Our survey of contemporary discussions has highlighted important differences over each of the three dimensions of citizenship. As a legal status, citizenship remains the keystone of contemporary conceptions: its normative core is the principle that citizens shall enjoy equal rights, although most would now agree that, in certain circumstances, equal consideration of individuals’ interests may justifiably result in differential treatment from the state. This broad agreement on principle leaves ample room for disagreement over the particulars, as witnessed by the recurring debates over affirmative action and minority rights. But such discussions have become a hallmark of contemporary liberal societies, and our legal and political discourses are well equipped to handle them. The deeper worry, which new forms of political violence have made more acute, centres upon achieving a proper balance between the recognition of difference and the affirmation of common principles to which all citizens adhere.

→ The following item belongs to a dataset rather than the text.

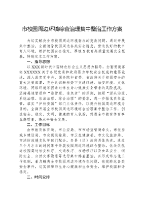 市校园周边环境综合治理集中整治工作方案为切实解决全市校园周边环境存在的突出问题,通过开展集中整治,全面消除校园周边各类安全隐患,营造良好的教书育人环境,维护校园安全稳定,厚植X教育高质量发展安全根基,特制定本工作方案。一、指导思想以XXX新时代中国特色社会主义思想为指导,全面贯彻落实XXXXXX关于各级党委和政府要为学校安全托底的重要论述,深入落实党中央、国务院和省委、省政府关于校园安全的重大决策部署,充分认识新形势下交通环境、治安环境、文化环境、网络环境等因素对学生身心健康安全带来的风险挑战,坚持属地管理和谁管理,谁负责的原则,按照源头治理、系统治理、依法治理、综合治理的要求,进一步强化责任监管,落实护校安园部门主体责任,以提升校园周边环境为目标,全面开展全市校园周边环境综合治理集中整治工作,创造安全、稳定、文明、健康的育人氛围,促进全市教育体育事业高质量、高水平安全发展。二、工作目标由市教育体育局、市公安局、市市场监管局牵头,市住房城乡建设局、市交通运输局、市卫生健康委、市文化旅游局、市消防救援支队等部门配合,各县(区)政府具体负责,通过三个月左右的时间集中开展校园周边环境综合整治,依法依规对校园周边治安秩序、交通秩序、市场秩序以及食品安全、消防安全、自然灾害隐患等进行集中排查整治,并形成常态化工作机制,着力解决全市校园周边环境存在问题,有效防范各类安全事件,切实保障师生身心健康和生命安全,维护校园和谐稳定。三、时间安排集中整治工作从2024年3月1日起至2024年5月31日,分三个阶段组织实施。(一)宣传发动阶段(2024年3月1日至3月15日)召开全市校园周边环境综合治理集中整治工作动员会,通过电视、广播、宣传栏以及宣传材料等方式,集中宣传《中华人民共和国未成年人保护法》《中小学幼儿园安全管理办法》《国务院办公厅关于加强中小学幼儿园安全风险防控体系建设的意见》《省人民政府办公厅关于加强中小学幼儿园安全风险防控体系建设的实施意见》等法律法规和文件要求,推动全社会广泛知晓校园周边环境整治工作的重要意义,动员全社会力量积极参与校园周边环境综合治理。(二)隐患排查阶段(2024年3月16日至3月31日)市级各有关部门、各县(区)按照集中整治工作要求,深入开展行业领域和县(区)所辖学校周边隐患排查工作,梳理《问题隐患清单》,建立《问题隐患整改责任清单》,按照边排查边整治边规范的要求,同步推进问题整改。(三)集中整治阶段(2024年4月1日至5月31日)1.县(区)、学校自查自纠(4月1日至5月20日)。由各县(区)、省属在临高校、市直各类学校对标《问题隐患清单》《问题隐患整改责任清单》,形成《问题隐患整改销号清单》,明确责任主体,落实整改责任,限时整改销号。2.市级督查整改(5月21日至5月31日)。由市级牵头部门组织相关部门,对各县(区)、省属在临高校、市直各类学校自查自纠情况进行督查,对工作推动缓慢、措施不力、效果不明显的,下达《督查整改通知书》,确保所有问题隐患得到有效整治。四、整治重点及任务分工(一)开展校园周边治安秩序专项整治。深入排查整治校园周边治安隐患,重点排查管控校园周边易肇事肇祸精神病、刑释解教、因涉校涉生矛盾纠纷扬言报复、吸毒前科等重点人文可居文库——海量学习资料,手机电脑均可下载www.wenkeju.com员,严防造成现实危害。强化对校园周边宾馆旅社、出租屋、娱乐场所、会所、酒吧、烧烤摊等的安全检查,严防发生涉校涉生案件。从严开展公安部关于未成年人入住五必须工作,依法严厉打击查处涉嫌对未成年学生实施性侵、猥亵、暴力伤害等各类违法犯罪行为。牵头部门:市公安局配合部门:市教育体育局、市民政局、市司法局、市文化旅游局、市卫生健康委、市市场监管局责任单位:各县(区)人民政府(二)开展校园周边交通秩序专项整治。深入开展交通安全隐患排查整治,对交通标志标线、信号灯、人行设施、分隔设施等不符合设置规范的,一校一策建立排查整治清单和工作台账,协调相关部门进行联合整改。科学优化道路交通组织,规范停车秩序,缓解校园门口交通拥堵和集中通行压力。上下学高峰时段安排警力加强校园门口交通指挥疏导,组织发动学校教职员工、学生家长、志愿者等,加强学生出行引导和秩序维护。严格交通违法行为查处,紧盯周末、节假日等学生离返校、上下学、集中出行的重要时段和路段,加强路面巡逻管控和执勤执法。加强校车安全监管,推进公交专线建设,方便学生及家长出行。牵头部门:市公安局配合部门:市教育体育局、市住房城乡建设局、市交通运输局、市农业农村局、X公路局责任单位:各县(区)人民政府(三)开展校园周边各类营业性娱乐场所专项整治。严禁在中小学校园及幼儿园周边200米内设立网吧,县级及以上城市严禁在中小学校园及幼儿园周边150米内设立

How robust an identity can citizenship provide in complex and internally diverse societies? There is a tension here that is difficult to resolve: our awareness of the pluralist nature of contemporary societies leads us to underscore the importance of general legal and political principles (democracy, human rights, rule of law) rather than the traditional emblems of nationality: common history and culture. Postnationalists, in particular, emphasize the role of democratic political practice in securing social integration. Yet, the complexity and scale of contemporary liberal societies tend to make this practice less significant in the lives of most citizens, a fact reflected in declining levels of participation in formal political institutions. Are we not expecting too much from democratic political practice under current circumstances?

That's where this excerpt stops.